= Polymer devolatilization =

Polymer devolatilization, also known as polymer degassing, is the process of removing low-molecular-weight components such as residual monomers, solvents, reaction by-products and water from polymers.

== Motivation ==
When exiting a reactor after a polymerization reaction, many polymers still contain undesired low-molecular weight components. These component may make the product unusable for further processing (for example, a polymer solution cannot directly be used for plastics processing), may be toxic, may cause bad sensory properties such as an unpleasant smell or worsen the properties of the polymer. It may also be desirable to recycle monomers and solvents to the process. Plastic recycling can also involve removal of water and volatile degradation products.

== Basic process types ==

Devolatilization can be carried out when a polymer is in the solid or liquid phase, with the volatile components going into a liquid or gas phase. Examples are:
- Solid polymer, liquid phase: Extraction of caprolactam from polyamides with water.
- Solid polymer, gas phase: Removal of ethylene from polyethylene via air or nitrogen in silos.
- Liquid polymer, gas phase: Removal of styrene from polystyrene via vacuum.

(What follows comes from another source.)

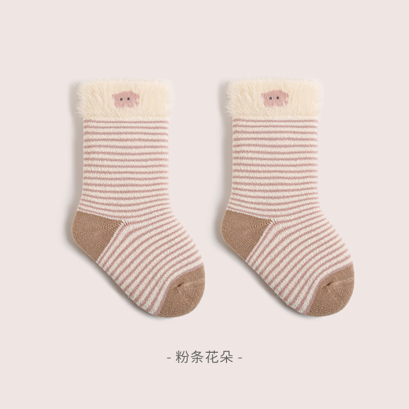 가을 겨울 두꺼운 아기 양말 신생아 A급 중목 양말 밍크 벨벳 어린이 무봉제 루즈핏 양말

It is usual for different types of devolatilization steps to be combined to overcome limitations in the individual steps.

== Physical and chemical aspects ==

=== Thermodynamics ===
The thermodynamic activity of volatiles needs to be higher in the polymer than in the other phase for them to leave the polymer. In order to design such a process, the activity needs to be calculated. This is usually done via the Flory–Huggins solution theory. This effect can be enhanced via higher temperatures or lower partial pressure of the volatile component by applying an inert gas or lower pressure.

=== Diffusion ===
In order to be removed from the polymer, the volatile components need to travel to a phase boundary via diffusion. Because of the low diffusion coefficients of volatiles in polymers, this can be the rate-determining step. This effect can be enhanced by higher temperatures or by small diffusion lengths due to its higher Fourier number.

=== Heat transfer ===
Because polymers and polymer solutions often have a very high viscosity, the flow in devolatilizers is laminar, leading to low heat transfer coefficients, which can also be a limiting factor.

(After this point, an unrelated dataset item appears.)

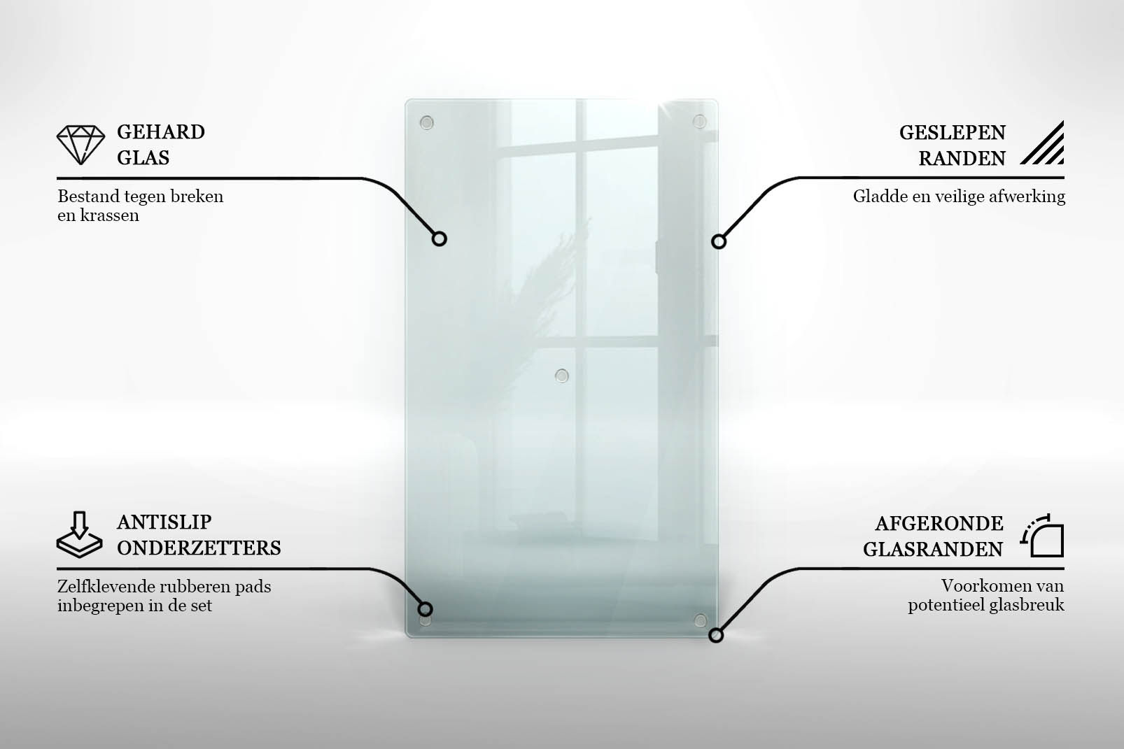 De geslepen randen geven de glasplaat een nette en subtiele afwerking, zodat een grafkaars onderzetter niet alleen praktisch, maar ook esthetisch mooi is. De hoge lichtdoorlatendheid van het geharde glas benadrukt het zachte schijnsel van de kaars en maakt het eerbetoon nog persoonlijker. Bovendien is de glasplaat eenvoudig te reinigen, zodat de plek van herinnering altijd verzorgd blijft.

=== Chemical stability ===
Higher temperatures can also affect the chemical stability of the polymer and thus its use properties. If a polymer's ceiling temperature is exceeded, it will partially revert to its monomers, destroying its usability. More generally, polymer degradation also occurs during devolatilization, limiting the temperature and residence time available for the process.

=== Foam vs. film devolatilization ===
There are two basic forms of devolatilization to a vacuum. In foam devolatilization, bubbles inside the polymer solution nucleate and grow, finally bursting and releasing their volatile content to the surroundings. This requires sufficient vapor pressure. If possible, this is a very efficient method because the volatiles only need to diffuse a short way.

Film devolatilization occurs when there is no longer sufficient vapor pressure to generate bubbles, and requires on sufficient surface area and good mixing. In this case, stripping agent such as nitrogen may be added to the polymer to induce improved mass transfer through bubbles.

== Types of devolatilizers for polymer melt ==

Devolatilizers for polymer melts are classified as static or moving, also called "still" and "rotating" in the literature.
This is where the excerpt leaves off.